Easter was great here in Pauls Valley. In addition to being the most meaningful of all days for Christians, the weather was perfect, the music was perfect, seeing people's friendly faces was perfect, the Easter Egg hunt after church was perfect. Time with friends was perfect. Notice all the past-tense? Easter 2022 was perfect? It turns out that Easter is not a single day.
To begin with, every time we celebrate the Lord's Day--which is what Reformed worship calls the worship service that we share every Sunday--every time we celebrate the Lord's Day, we celebrate Easter. It is the day of Resurrection every single Sunday, bar none. Those who "give up something for Lent" don't have to give it up on Sundays because Sundays are feast days--every Sunday is a celebration of the resurrection of the Lord.
Easter is also a season on the liturgical calendar. In the language of the liturgical calendar, the worship service that we celebrated on April 17 was "the Resurrection of the Lord." After that, we've stayed in the season of Easter and will do so until Pentecost on June 5th. In the rhythm of the church year, we started with the anticipation of the coming of Jesus in Advent, then his incarnation on Christmas, then we saw who and what Jesus is in the season of Epiphany until Lent when we see our own sin and need for Christ's saving power, then in Holy week we see what great love he had for us to die for us, then on the day of Resurrection we see his victory over death.
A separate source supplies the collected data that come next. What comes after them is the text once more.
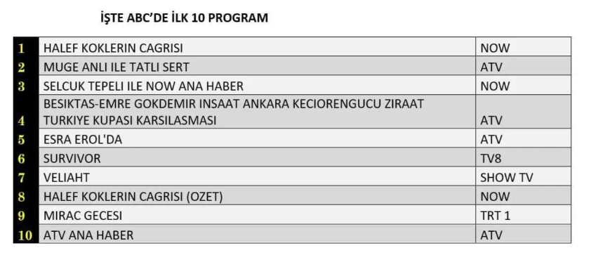 ABC1 REYTİNG SONUÇLARI
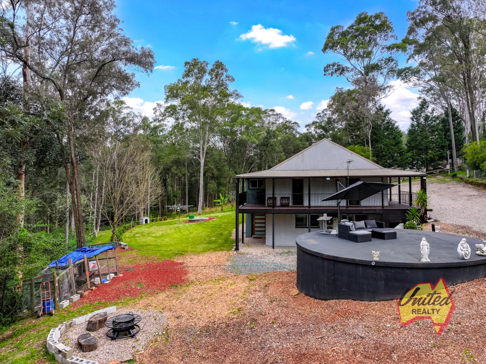 • Wrap-around verandahs, chicken coop & garden shed.
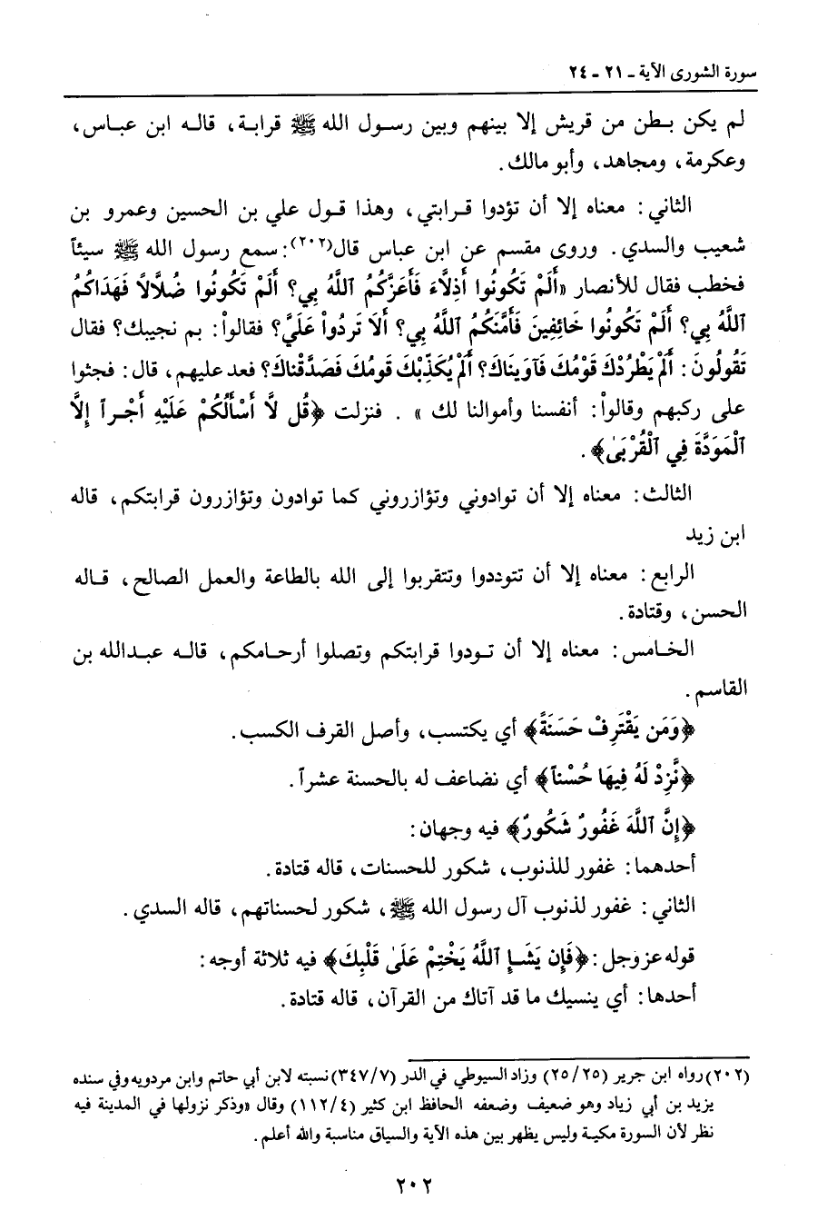 لم يكن بطن من قريش إلا بينهم وبين رسول الله صلى الله عليه وسلم قرابة، قاله ابن عباس، وعكرمة، ومجاهد، وأبو مالك. الثاني: معناه إلا أن تؤدوا قرابتي , وهذا قول علي بن الحسين وعمرو بن شعيب والسدي. وروى مقسم عن ابن عباس قال: سمع رسول الله صلى الله عليه وسلم سيئاً فخطب فقال للأنصار (أَلَمْ تَكُونُواْ أَذِلاَّءَ فَأعِزَّكُمُ اللَّهُ بِي؟ أَلَمْ تَكُونُوا ضُلاَّلاً فَهَداَكُمْ اللَّهُ بِي؟ أَلَمْ تَكُونُوا خأَئِفِينَ فَأَمَّنَكُمُ اللَّهُ بِي؟ أَلاَ تَردُواْ عَلَيَّ) فقالواْ: بم نجيبك؟ فقال تَقُولُونَ: (أَلَمْ يَطْرُدْكَ قَوْمُكَ فَآوَيَنَاكَ؟ أَلَمْ يُكَذِّبْكَ قَومَكَ فَصَدَّقْنَاكَ؟) فعد عليهم , قال: فجثوا على ركبهم وقالواْ: أنفسنا وأموالنا لك (. فنزلت {قُل لاَّ أَسْأَلَكُمْ عَلَيْهِ أَجْراً إِلاَّ الْمَوَدَّةَ فِي الْقُرْبَى}. الثالث: معناه إلا أن توادوني وتؤازروني كما توادون وتؤازرون قرابتكم , قاله ابن زيد. الرابع: معناه إلا أن تتوددوا وتتقربوا إلى الله بالطاعة والعمل الصالح , قاله الحسن , وقتادة. الخامس: معناه إلا أن تودوا قرابتكم وتصلوا أرحامكم , قاله عبد الله بن القاسم. {وَمَن يَقْتَرِفْ حَسَنةً} أي يكتسب , وأصل القرف الكسب. {نَّزِدْ لَهُ فِيهَا حُسْناً} أي نضاعف له بالحسنة عشراً. {إِنَّ اللَّه غَفُورٌ شَكُورٌ} فيه وجهان: أحدهما: غفور للذنوب , شكور للحسنات , قاله قتادة. الثاني: غفور لذنوب آل رسول الله صلى الله عليه وسلم , شكور لحسناتهم , قاله السدي. قوله عز وجل: {فَإِن يَشَإِ اللَّهُ يَخْتِمْ عَلَى قَلْبِكَ} فيه ثلاثة أوجه: أحدها: أي ينسيك ما قد آتاك من القرآن، قاله قتادة.

For the whole season of Easter, we will be celebrating that victory. After that, we receive the Holy Spirit on Pentecost, and live our lives as disciples until we celebrate his coming again in the end on Christ the King Sunday. And then the year starts over again with Advent. So Easter is one season of the long arc of salvation history, and we celebrate it not just for a day or even just every Sunday, but also for a whole season.
There's a trope where a hero has done something to impress or offend someone who becomes a loyal follower or avowed opponent, but when confronted with this thing they've done, can't remember because it's so routine: "for me it was just a Tuesday." For us, God is God every day just like a hero in a movie is a hero every day. But there's a difference. If this little trope mapped to God, then the next thing would be to say, "For God it's just routine; just another Tuesday." What God did in Jesus on Easter was once for all time. The difference is that instead of God dying over and over every day like a hero stopping crime over and over every day, God did it once. The strife is o'er, the battle done. The victory of life is won. The thing we do every day is be grateful and celebrate and enjoy the blessings of Easter. Instead of taking great things and making them boring like in the trope--instead of taking Easter and making it routine like just another Tuesday, what we do is the opposite. We take boring, routine life like Tuesday and bring Sunday into it. Instead of "just another Tuesday," it's "Alleluia! Everyday is Sunday! Every day is Easter!" Keep being grateful. Keep celebrating. Keep enjoying the blessings of Easter every single day for the rest of your Easter life.